= Binary moment diagram =

A binary moment diagram (BMD) is a generalization of the binary decision diagram (BDD) to linear functions over domains such as booleans (like BDDs), but also to integers or to real numbers.

They can deal with Boolean functions with complexity comparable to BDDs, but also some functions that are dealt with very inefficiently in a BDD are handled easily by BMD, most notably multiplication.

The most important properties of BMD is that, like with BDDs, each function has exactly one canonical representation, and many operations can be efficiently performed on these representations.
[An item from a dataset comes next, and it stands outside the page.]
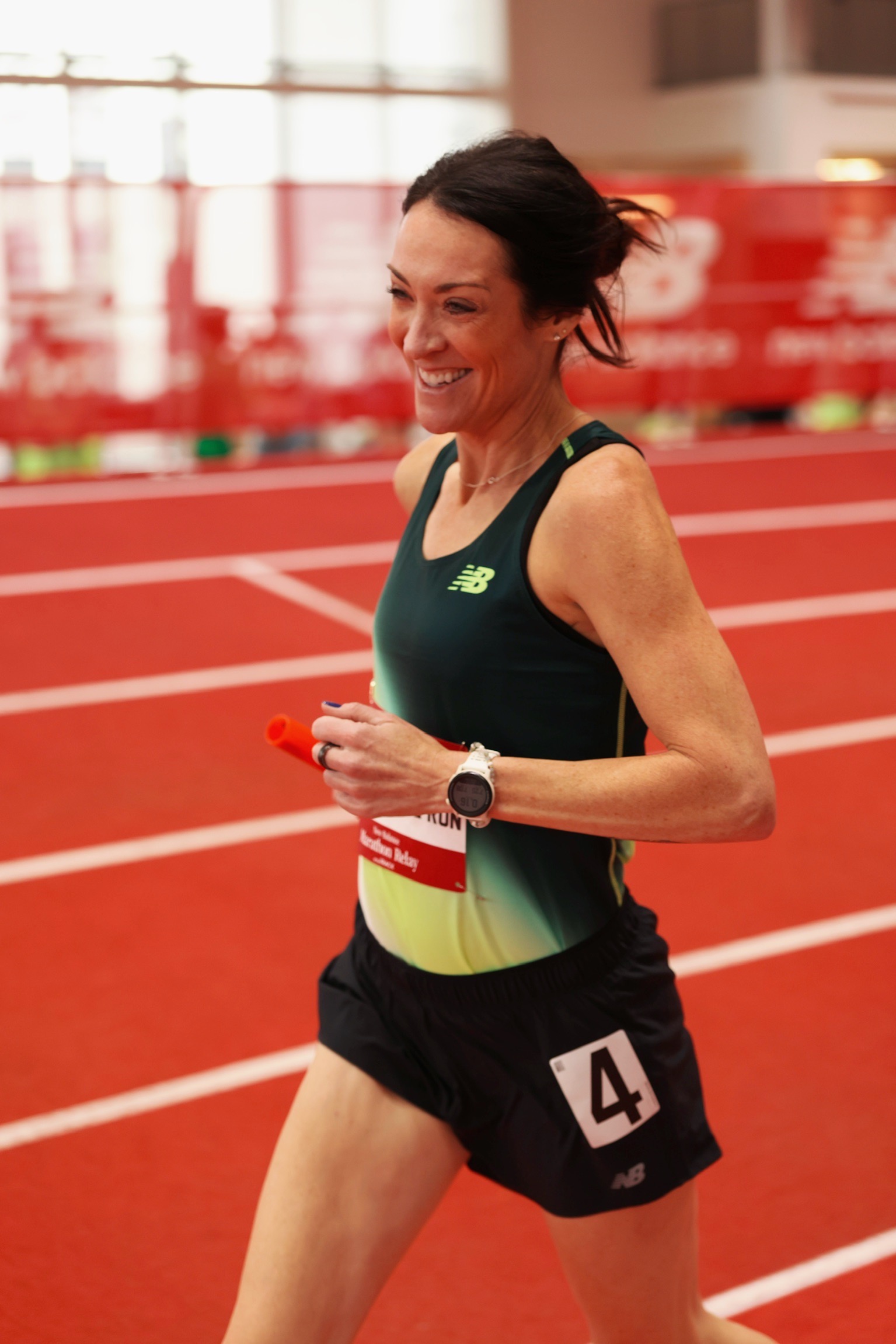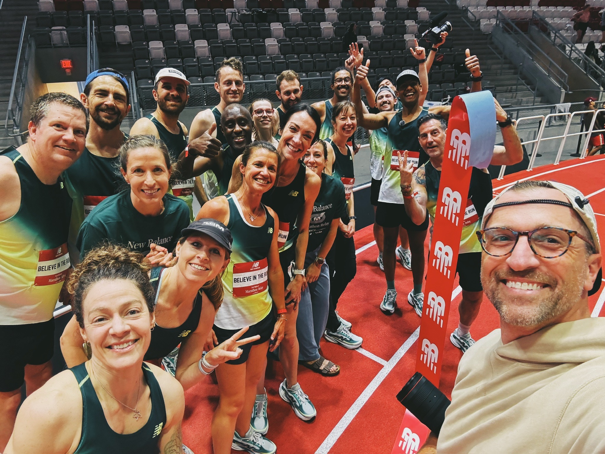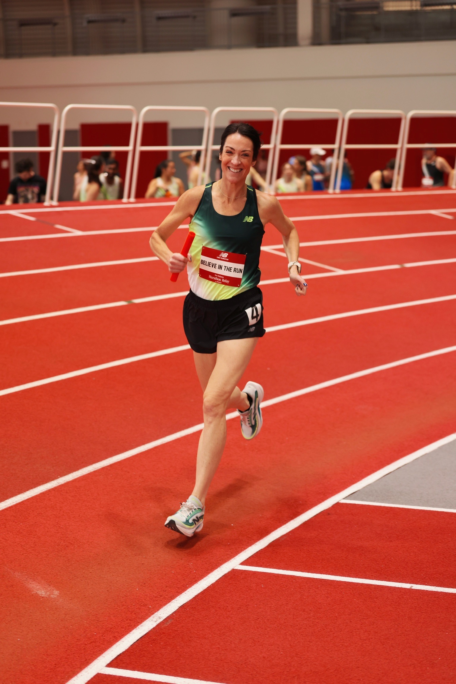 Quick change with my fresh nails, and we were off to the New Balance Marathon Relay at the Track. This was my favorite event from last year’s marathon weekend, so I was stoked to head back. My plan was to fun run my mile out there, but once your feet hit that bouncing track and the crowd is roaring, it’s impossible to have any chill out there. I ended up running a 5:45 mile. Whoops! Our team, Believe in the Run, ran a 2:47 marathon as a team. The highlight of the event was Kim Conley kicking us off with a 4:48 mile. This met her goal of running a sub-5-minute mile for 25 consecutive years. What. A. Run.

The main features that differentiate BMDs from BDDs are using linear instead of pointwise diagrams, and having weighted edges.

The rules that ensure the canonicity of the representation are:
- Decision over variables higher in the ordering may only point to decisions over variables lower in the ordering.
- No two nodes may be identical (in normalization such nodes all references to one of these nodes should be replaced be references to another)
- No node may have all decision parts equivalent to 0 (links to such nodes should be replaced by links to their always part)
- No edge may have weight zero (all such edges should be replaced by direct links to 0)
- Weights of the edges should be coprime. Without this rule or some equivalent of it, it would be possible for a function to have many representations, for example 2x + 2 could be represented as 2 · (1 + x) or 1 · (2 + 2x).

== Pointwise and linear decomposition ==

In pointwise decomposition, like in BDDs, on each branch point we store result of all branches separately. An example of such decomposition for an integer function (2x + y) is:

$$\begin{cases} \text{if } x
\begin{cases}
 \text{if } y , 3
\\
 \text{if } \neg y , 2
\end{cases}
\\
 \text{if } \neg x
\begin{cases}
 \text{if } y \text{ , } 1
\\
 \text{if } \neg y \text{ , } 0
\end{cases}
\end{cases}$$

In linear decomposition we provide instead a default value and a difference:

$$\begin{cases}
\text{always}
\begin{cases}
\text{always } 0 \\
\text{if } y , +1
\end{cases}
\\
\text{if } x , +2
\end{cases}$$

It can easily be seen that the latter (linear) representation is much more efficient in case of additive functions, as when we add many elements the latter representation will have only O(n) elements, while the former (pointwise), even with sharing, exponentially many.

== Edge weights ==

Another extension is using weights for edges. A value of function at given node is a sum of the true nodes below it (the node under always, and possibly the decided node) times the edges' weights.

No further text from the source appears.